Nel panorama delle Top 500 bolognesi, il settore delle macchine automatiche rappresenta

storicamente una nicchia composta da 16 società, 3 delle quali si collocano stabilmente tra le

prime 10 della graduatoria generale, essendo capaci di generare ricavi superiori al miliardo di euro. Al suo interno, il settore è altresì caratterizzato da un gap dimensionale che ha raggiunto un livello sempre più marcato nel corso degli anni: il fatturato complessivo delle prime 4 società è pari a circa 12 volte quello delle altre società del campione, così come il totale attivo delle prime è pari a oltre 18 volte quello delle altre 12 e il totale dei dipendenti impiegati dalle prime è pari a quasi 14 volte quelli complessivamente impiegati dalle restanti società del campione.

A livello aggregato, nei precedenti esercizi la crescita dei ricavi e delle performance aziendali delle società di maggiori dimensioni aveva trainato l’intero settore, facendone uno dei più performanti delle Top 500. Nel 2020, esercizio fortemente condizionato dagli effetti negativi della pandemia, la flessione delle società di più grandi dimensioni ha inevitabilmente condizionato l’andamento complessivo del comparto.

Passando all’analisi specifica dei dati 2020, si osserva una contrazione media del fatturato

dell’8,37%, valore decisamente superiore al calo medio rilevato tra tutte le Top 500. Si osserva però che, in termini assoluti, la perdita di ricavi registrata dalle prime tre società, tutte con fatturato superiore al miliardo, rappresenta oltre il 96% della riduzione complessiva registrata dal settore; delle restanti 13 aziende, quasi la metà sono riuscite ad incrementare i propri ricavi nel 2020 nonostante la pandemia e le conseguenti difficoltà verificatesi nell’esercizio.

In termini di redditività, non sorprende la generale diminuzione degli utili, con oltre il 50% delle

aziende del settore che chiude il 2020 con un risultato netto peggiorativo rispetto a quello ottenuto nel 2019. Ciò nonostante, oltre l’80% delle società del campione ha comunque chiuso

l’esercizio 2020 in utile, a dimostrazione che il settore presenta comunque un’ottima redditività, che gli ha consentito di assorbire gli effetti negativi della pandemia.

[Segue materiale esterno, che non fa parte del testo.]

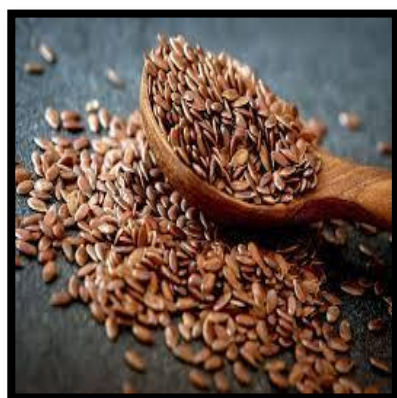
Figure 2: Flaxseed

Flaxseed, commonly known as linseed, has been shown to provide several medicinal benefits. Its constituents have demonstrated anti-inflammatory, antioxidant, antiviral, antibacterial, antifungal, and anti-atherosclerosis activities. Consuming flaxseed regularly is safe, because it cures wounds, protects inflamed skin, increases suppleness, and protects the membranes of the urinary and digestive tracts. The ability of flaxseed extract to create films is advantageous for the healing of wounds .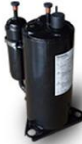
Panasonic compressor International brand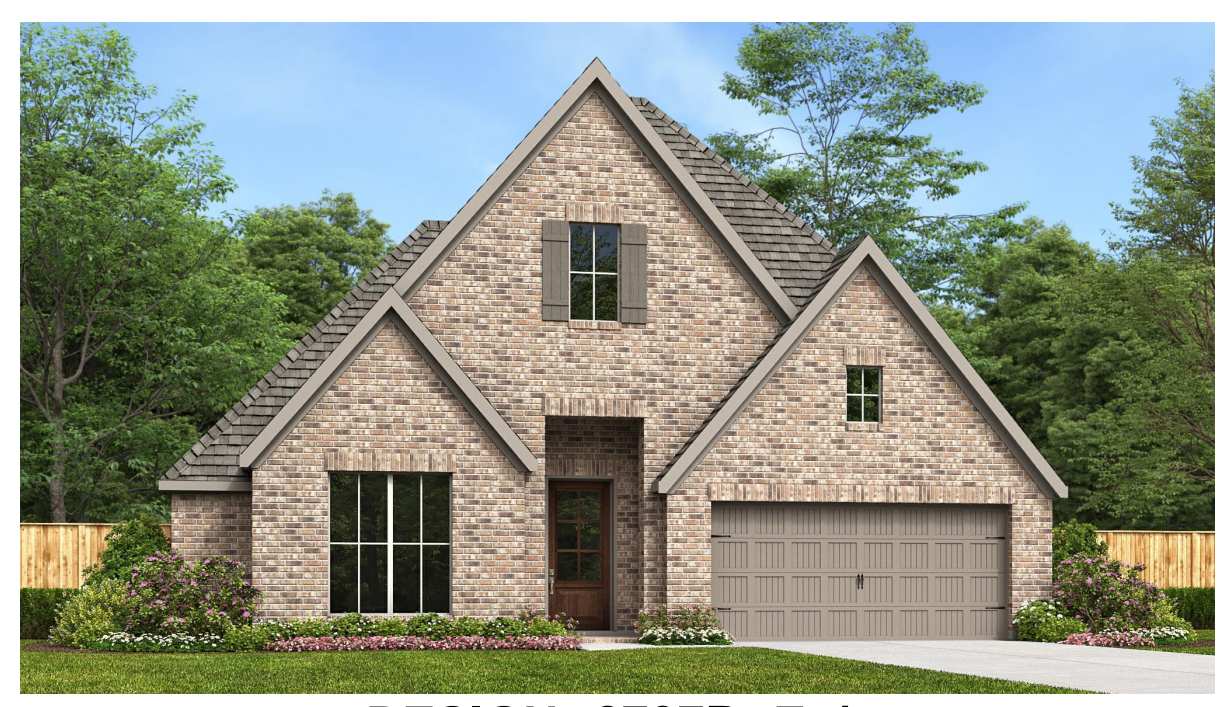
DESIGN 2737P E-1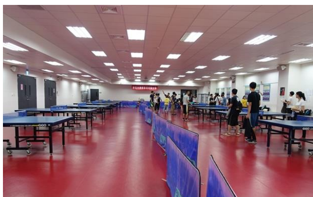
12 tables for practice at 1 st Floor of the venue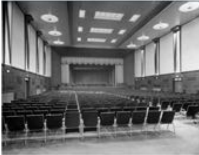
18C Assembly Hall, 1935 (P&O)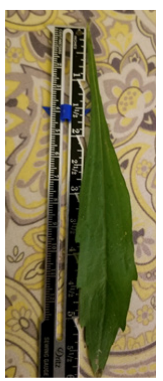
Photo 3: Marestail leaf with widest area near the tip.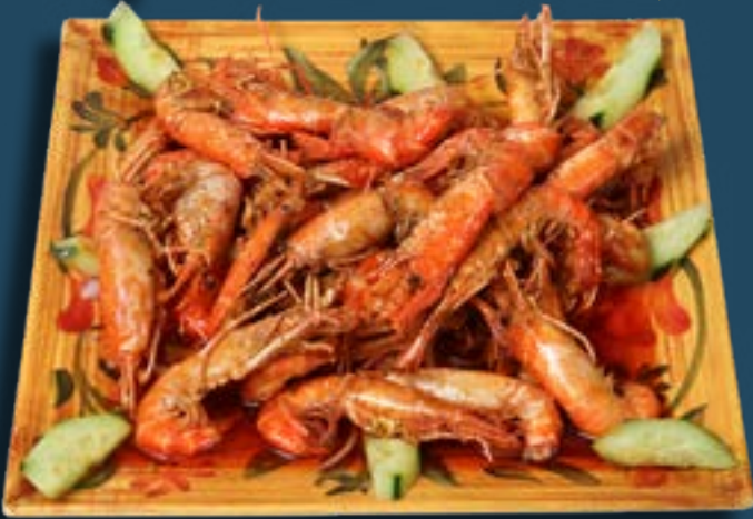
Langostinos Reg & Lg MP$ Prawns in our-house sauce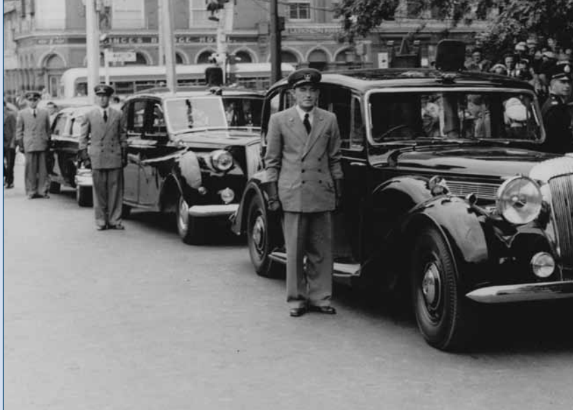
Cars and drivers outside St Paul's Cathedral, Melbourne.

The relocation caused something of a crisis within management and administration of the Department of Supply, with many senior officers comfortably settled in Melbourne and preferring to retire rather than move to Canberra. There was no appreciable effect on day-to-day operations of the car-with-driver operations within the capital or the states, but the relocation highlighted the anomaly of two virtually independent services. It was an issue to be resolved.

Ciò emerge anche dall’analisi dei margini economici, dai quali si osservano valori mediani di Ebit ed Ebitda sorprendentemente in aumento, segno che alcune società sono riuscite a reagire meglio e più rapidamente alle difficoltà causate dalla pandemia.

Allo stesso modo il Roi mediano è passato dal 3,9% del 2019 al 4,8% del 2020 e il Ros mediano dal 4,7% del 2019 al 5,8% del 2020, confermando indici reddituali ancora ampiamente positivi e stabilmente superiori ai livelli mediani rilevati nell’intero campione delle Top 500.

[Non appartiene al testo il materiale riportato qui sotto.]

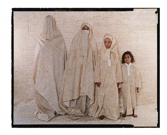
Figure 6: Lalla Essaydi, Converging Territories #30, 2004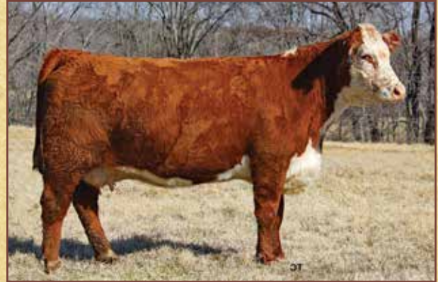
Lot 53 – GTW B716 Miss Mace 728

CE 3.1 (0.40); BW 2.3 (0.48); WW 56 (0.42); YW 88 (0.42); DMI 0.1 (0.14); SC 1.7 (0.32); SCF 31.1 (0.28); MM 43 (0.27); M&G 72; MCE 2.4 (0.25); MCW 56 (0.35); UDDR 1.30 (0.45); TEAT 1.30 (0.46); CW 63 (0.24); FAT 0.057 (0.26); REA 0.57 (0.23); MARB 0.18 (0.25); BMI$ 569; BIIS 657; CHB$ 115 • Pasture exposed 12/12/21 to 2/15/22, to White Hawk Chief 3186 ET. Safe in calf. • Consigned by W&A Hereford Farm, Providence, N.C.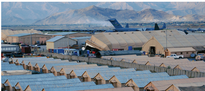
Bagram Airfield, Afghanistan

Sandia uses innovative energy technologies to provide energy solutions to our nation's defense agencies both at home and abroad, including advanced photovoltaics, concentrated solar power, innovative wind energy, water/wave energy, and advanced energy storage.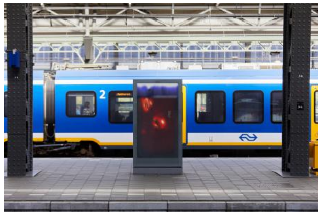
Shadow Mishi, 2023 Zbrush, Substance Painter, Blender, Photoshop, After Effects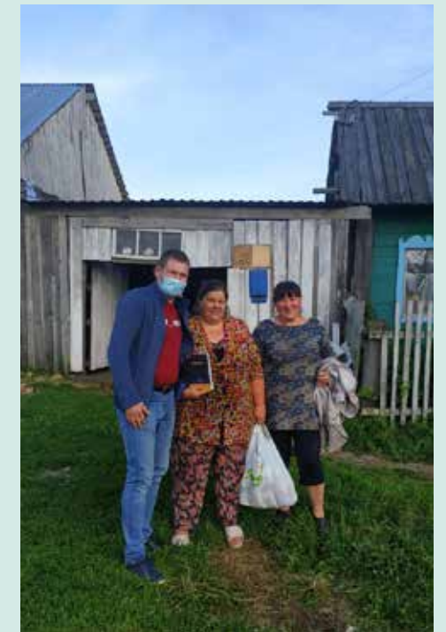
Distributing Bibles and aid in Tomsk Oblast, Russia.

Yet you are a vitally important part of their ministry. Your gifts help to support their work. And your support undergirds children's ministries, the distribution of Russian-language Bibles and Christian literature, Bible training, Compassion Ministry, and the kinds of outreach you read about in this Good News Report. Thank you! Please pray about how you can help today to influence lives for eternity. ♦

Concludendo l’analisi, si osserva che il settore mantiene altresì un rischio finanziario sostanzialmente contenuto, con un rapporto di indebitamento in lieve calo su tutti i quartili e che assume un valore mediano di 1,9, pari a quello rilevato nel 2019. Anche l’incidenza degli oneri finanziari sui ricavi, nonostante il calo di questi ultimi, si conferma sostanzialmente stabile rispetto ai valori osservati nel 2019, con un valore mediano 2020 pari a 0,45% (0,56% nel 2019).